-- WORK INSTRUCTIONS --
Print exactly the line that contains "The Pheasants Nest is an", then every following line through the end of the material; include nothing else and no pictures.

-- SUPPLIED MATERIAL --
= Beginning of Section =
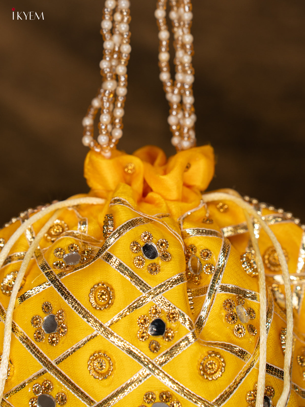 Designer Potli Bag with Mirror Work - Yellow - KA18156
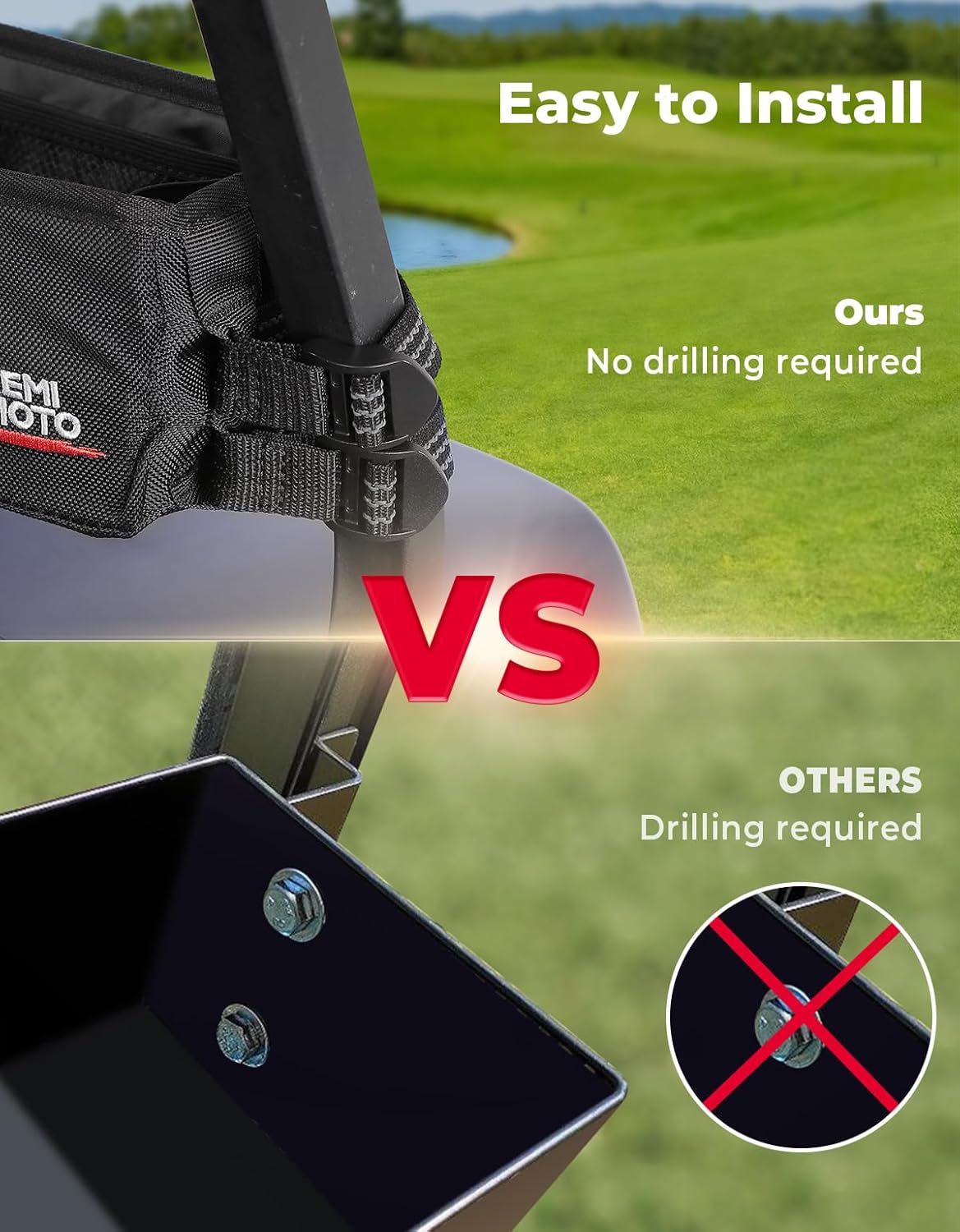 - Easy Installation: No drilling required. Our golf cart storage basket comes with 4 reinforced, anti-slip straps that securely fasten the basket in place, ensuring a firm and stable attachment. The straps are designed to protect your golf cartβs frame, preventing any potential damage during installation or use. This hassle-free setup allows you to quickly attach or remove the basket as needed, making it a convenient and user-friendly addition to your golf cart.
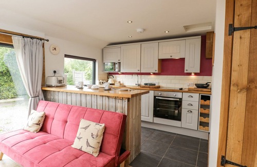 The Pheasants Nest is an immaculately-presented detached, wooden lodge-style cottage located next door to the owner, in Welland, close to Malvern and can sleep two people. This all ground floor property has open plan studio accommodation with a king-size bed, a kitchen, a breakfast bar and a sitting area with a double sofa bed. There is also a family shower room. Outside there is off road parking for one car, lockable bike storage and a private patio area with furniture. The Pheasants Nest is a wonderful holiday cottage. Note: One well-behaved dog welcome.
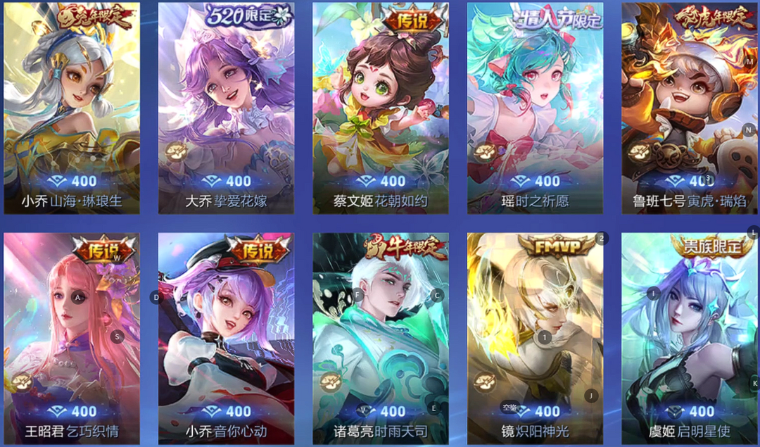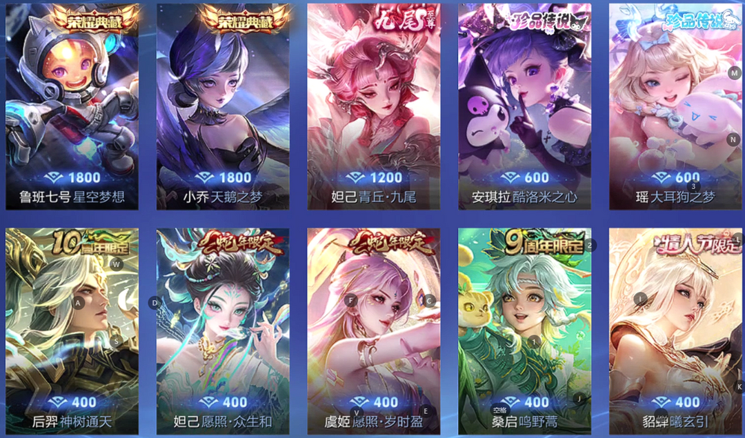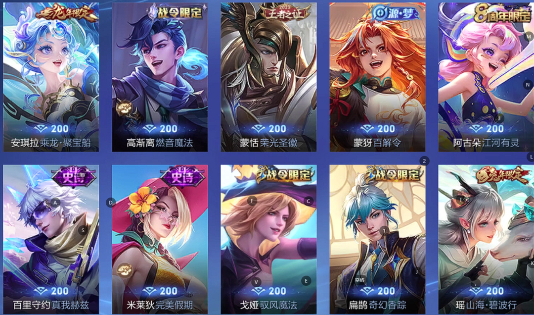 【非云直上】V10★皮肤榜一★539皮满典藏★鲁班时之奇旅会员★虞姬黛羽霜翎星元★吕布白金战神★全能大师★多金标★个性按键
= End of Section =
-- SOLVED EXERCISE --
 The Pheasants Nest is an immaculately-presented detached, wooden lodge-style cottage located next door to the owner, in Welland, close to Malvern and can sleep two people. This all ground floor property has open plan studio accommodation with a king-size bed, a kitchen, a breakfast bar and a sitting area with a double sofa bed. There is also a family shower room. Outside there is off road parking for one car, lockable bike storage and a private patio area with furniture. The Pheasants Nest is a wonderful holiday cottage. Note: One well-behaved dog welcome.
 【非云直上】V10★皮肤榜一★539皮满典藏★鲁班时之奇旅会员★虞姬黛羽霜翎星元★吕布白金战神★全能大师★多金标★个性按键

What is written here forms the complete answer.